[Items from a dataset]

════════

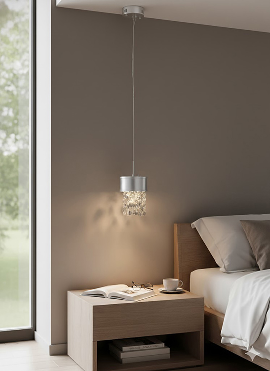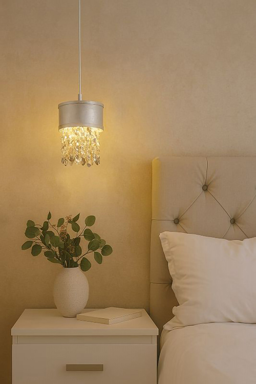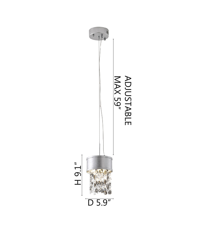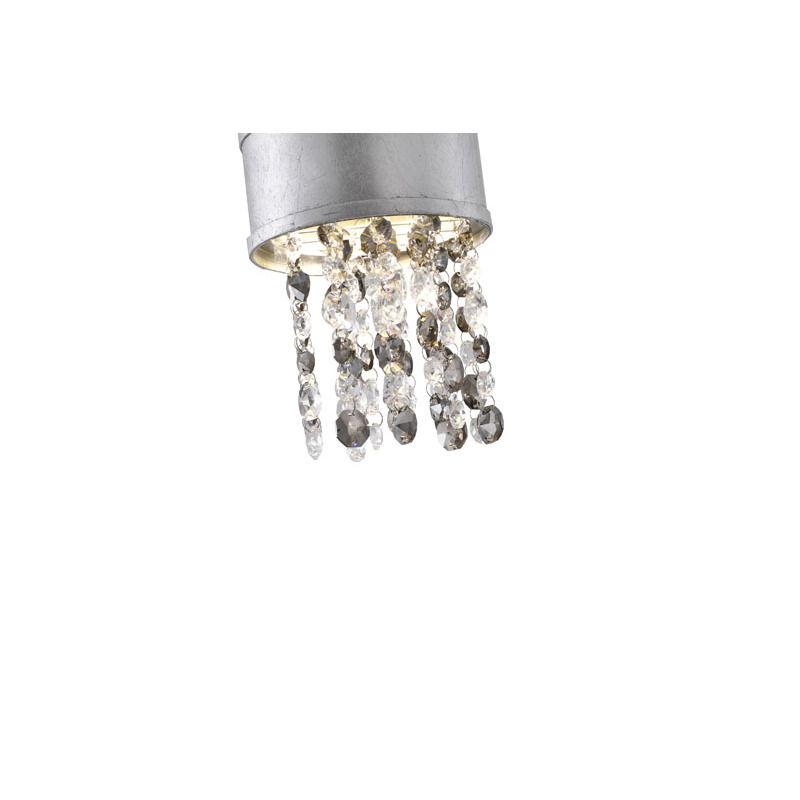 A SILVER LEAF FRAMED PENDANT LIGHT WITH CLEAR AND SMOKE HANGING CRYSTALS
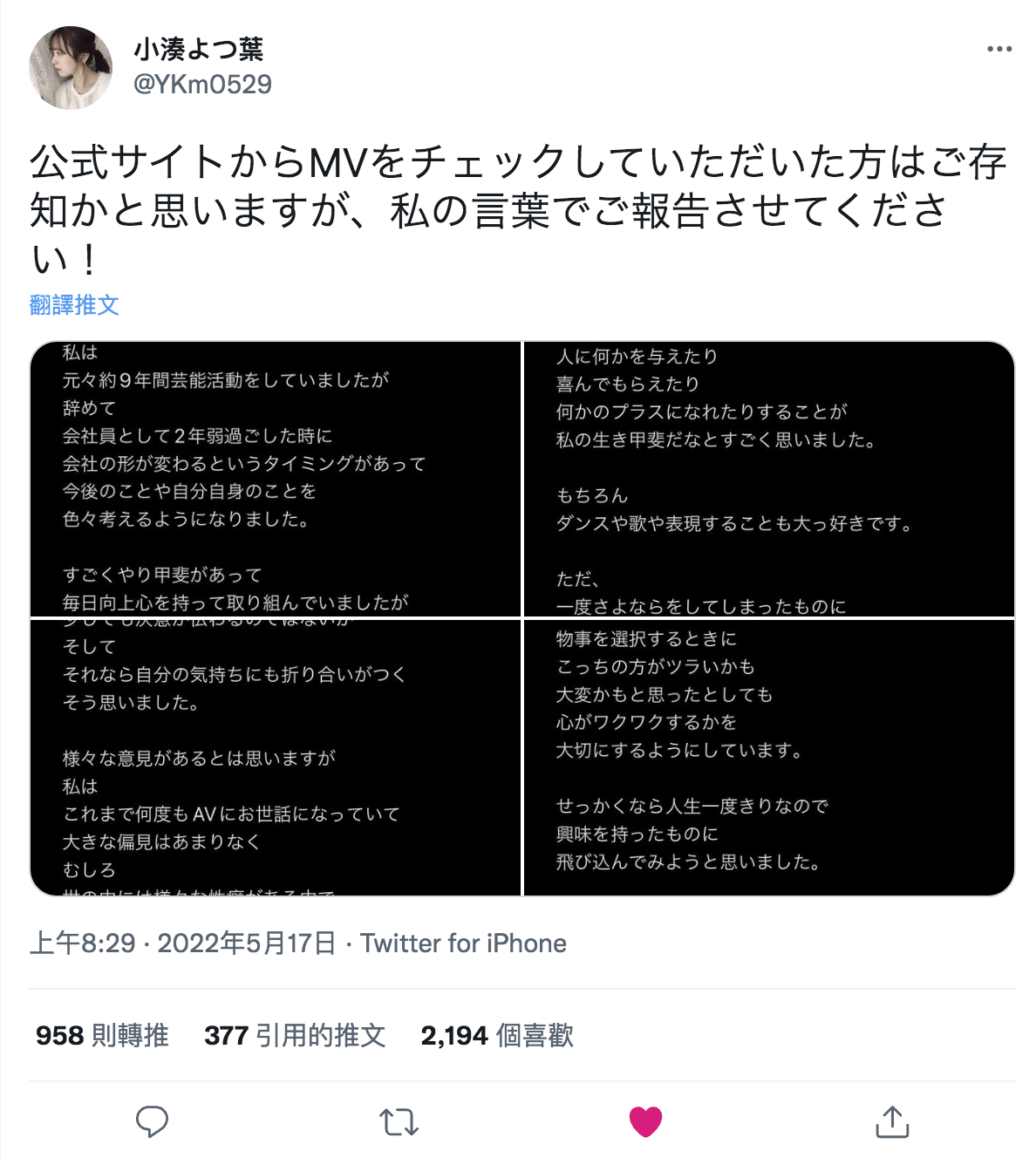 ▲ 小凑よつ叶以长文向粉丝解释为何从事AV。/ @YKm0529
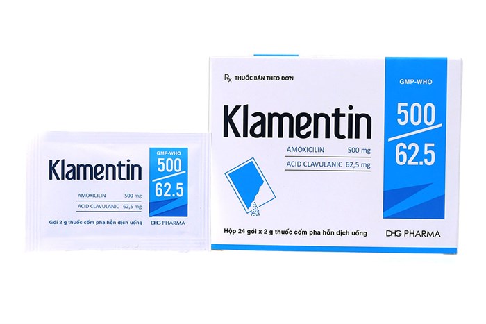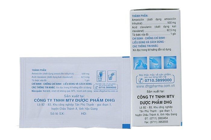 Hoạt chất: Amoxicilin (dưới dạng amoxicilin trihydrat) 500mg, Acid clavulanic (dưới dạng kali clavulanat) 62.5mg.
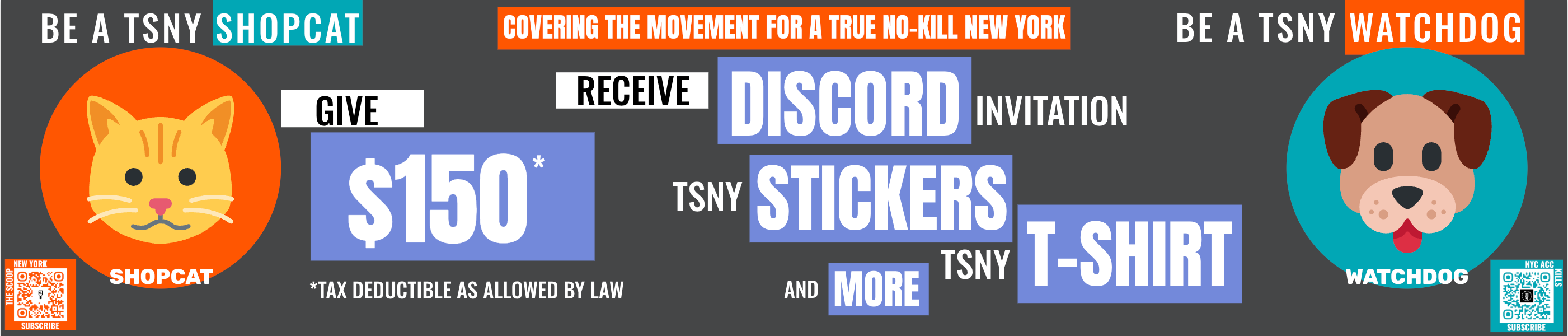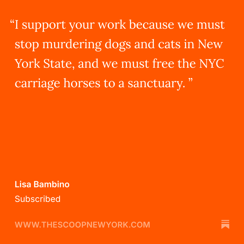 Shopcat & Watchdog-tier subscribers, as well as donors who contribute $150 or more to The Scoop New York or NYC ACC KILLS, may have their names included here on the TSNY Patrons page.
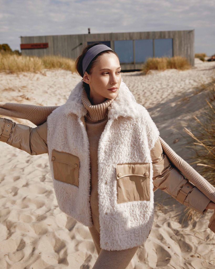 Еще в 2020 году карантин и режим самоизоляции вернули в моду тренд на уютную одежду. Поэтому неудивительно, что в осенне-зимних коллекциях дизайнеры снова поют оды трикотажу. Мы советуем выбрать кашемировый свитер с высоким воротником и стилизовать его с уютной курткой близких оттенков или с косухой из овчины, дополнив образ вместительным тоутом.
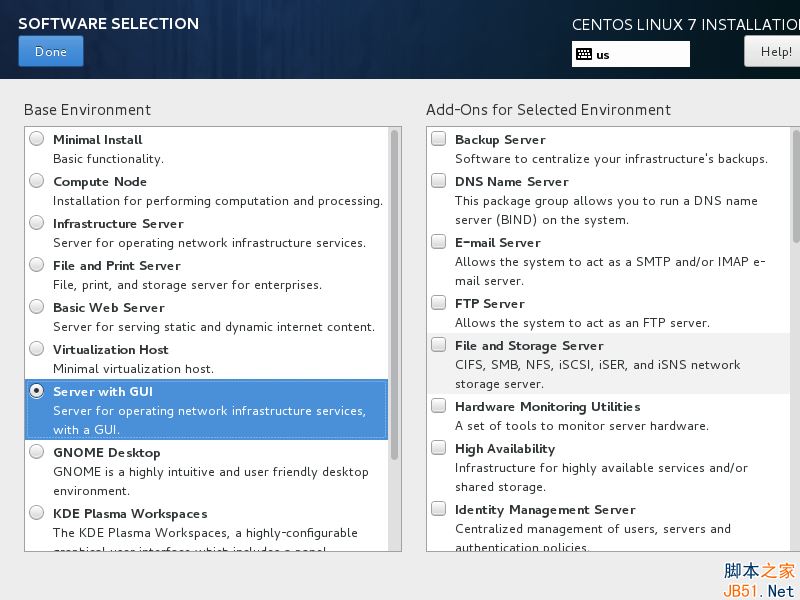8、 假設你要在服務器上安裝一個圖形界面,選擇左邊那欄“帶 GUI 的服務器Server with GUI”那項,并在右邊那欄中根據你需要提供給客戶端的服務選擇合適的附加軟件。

════════

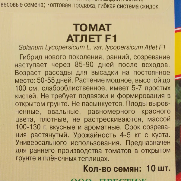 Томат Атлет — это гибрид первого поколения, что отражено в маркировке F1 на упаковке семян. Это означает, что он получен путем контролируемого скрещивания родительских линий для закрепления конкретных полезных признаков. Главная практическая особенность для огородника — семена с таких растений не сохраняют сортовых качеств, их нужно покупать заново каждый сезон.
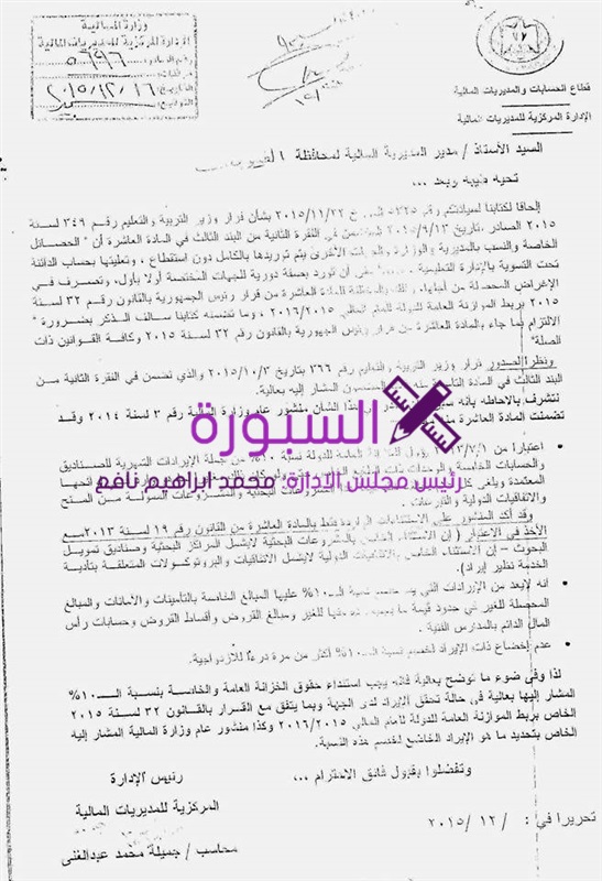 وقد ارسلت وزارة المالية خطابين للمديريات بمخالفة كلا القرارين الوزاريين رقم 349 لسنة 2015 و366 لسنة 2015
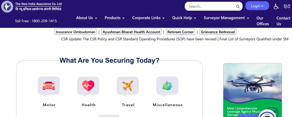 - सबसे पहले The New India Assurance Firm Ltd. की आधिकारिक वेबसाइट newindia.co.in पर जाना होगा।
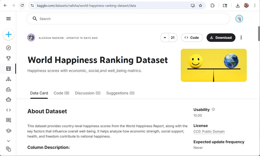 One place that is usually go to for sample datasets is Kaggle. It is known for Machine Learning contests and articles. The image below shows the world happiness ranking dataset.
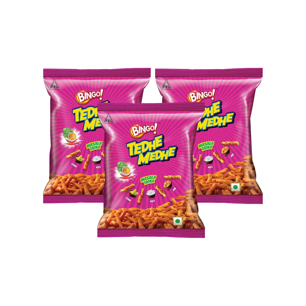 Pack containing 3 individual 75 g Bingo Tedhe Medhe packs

════════

* **Task item**
Would you please reproduce the entries above, starting at the line with "A SILVER LEAF" and stopping after the line with "GUI 的服務器Server with"? Omit any pictures.

* **Task response**
 A SILVER LEAF FRAMED PENDANT LIGHT WITH CLEAR AND SMOKE HANGING CRYSTALS
 ▲ 小凑よつ叶以长文向粉丝解释为何从事AV。/ @YKm0529
 Hoạt chất: Amoxicilin (dưới dạng amoxicilin trihydrat) 500mg, Acid clavulanic (dưới dạng kali clavulanat) 62.5mg.
 Shopcat & Watchdog-tier subscribers, as well as donors who contribute $150 or more to The Scoop New York or NYC ACC KILLS, may have their names included here on the TSNY Patrons page.
 Еще в 2020 году карантин и режим самоизоляции вернули в моду тренд на уютную одежду. Поэтому неудивительно, что в осенне-зимних коллекциях дизайнеры снова поют оды трикотажу. Мы советуем выбрать кашемировый свитер с высоким воротником и стилизовать его с уютной курткой близких оттенков или с косухой из овчины, дополнив образ вместительным тоутом.
8、 假設你要在服務器上安裝一個圖形界面,選擇左邊那欄“帶 GUI 的服務器Server with GUI”那項,并在右邊那欄中根據你需要提供給客戶端的服務選擇合適的附加軟件。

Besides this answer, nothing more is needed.